## Activity:
Where the listing below reaches the line containing "Discussion on Question Paper Pattern", start writing out lines exactly, and stop once the line containing "As per NCF 2023, teaching" has been written.

## Data for this task:
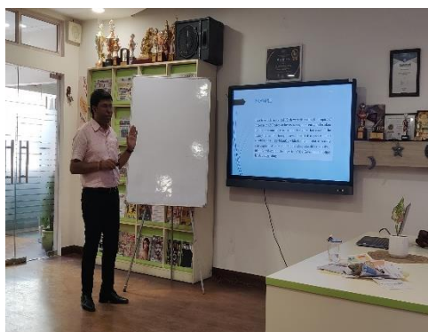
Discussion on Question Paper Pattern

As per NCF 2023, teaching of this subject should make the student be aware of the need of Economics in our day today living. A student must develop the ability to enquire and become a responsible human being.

--

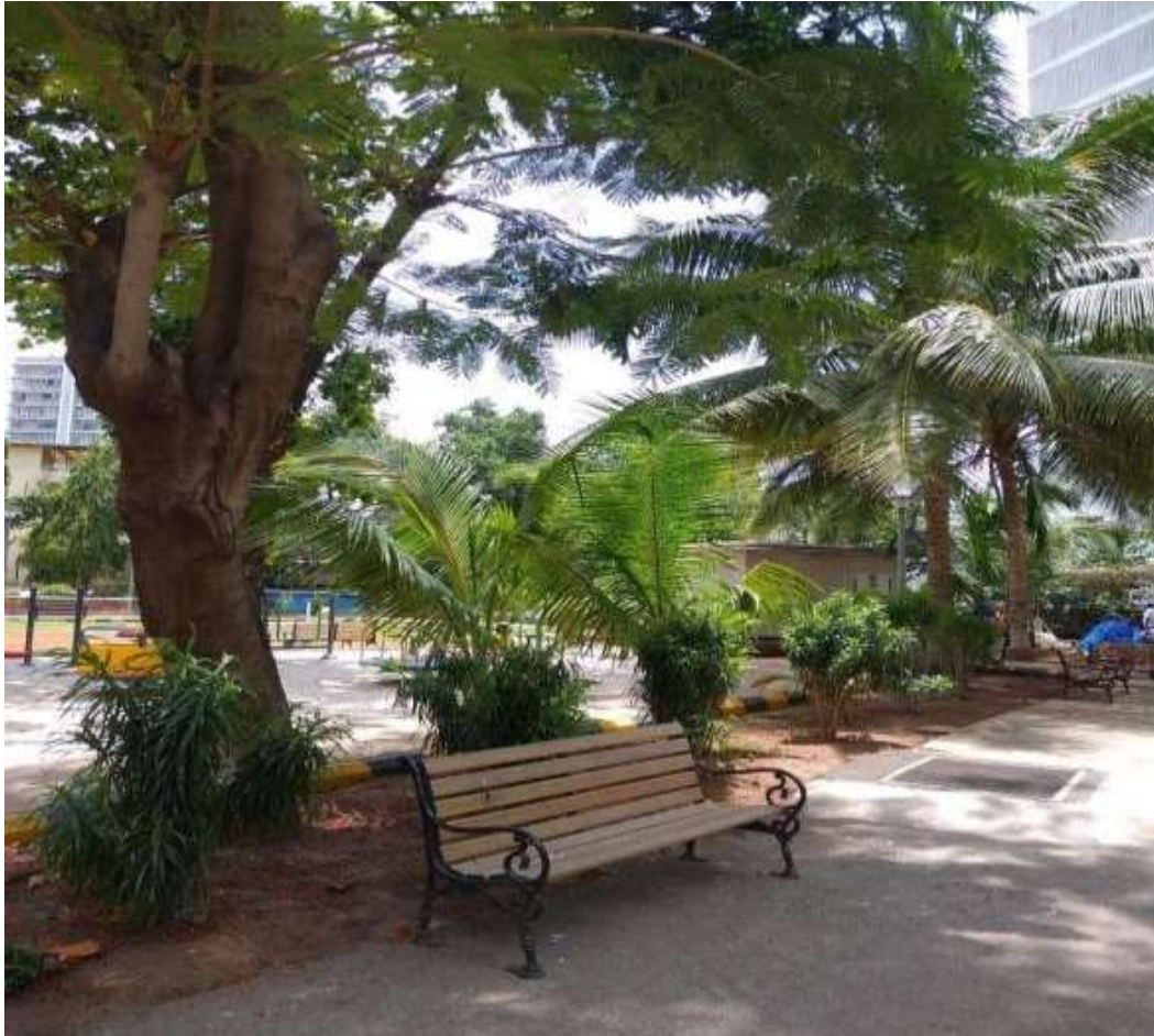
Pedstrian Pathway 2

## Response to the exercise:
Discussion on Question Paper Pattern

As per NCF 2023, teaching of this subject should make the student be aware of the need of Economics in our day today living. A student must develop the ability to enquire and become a responsible human being.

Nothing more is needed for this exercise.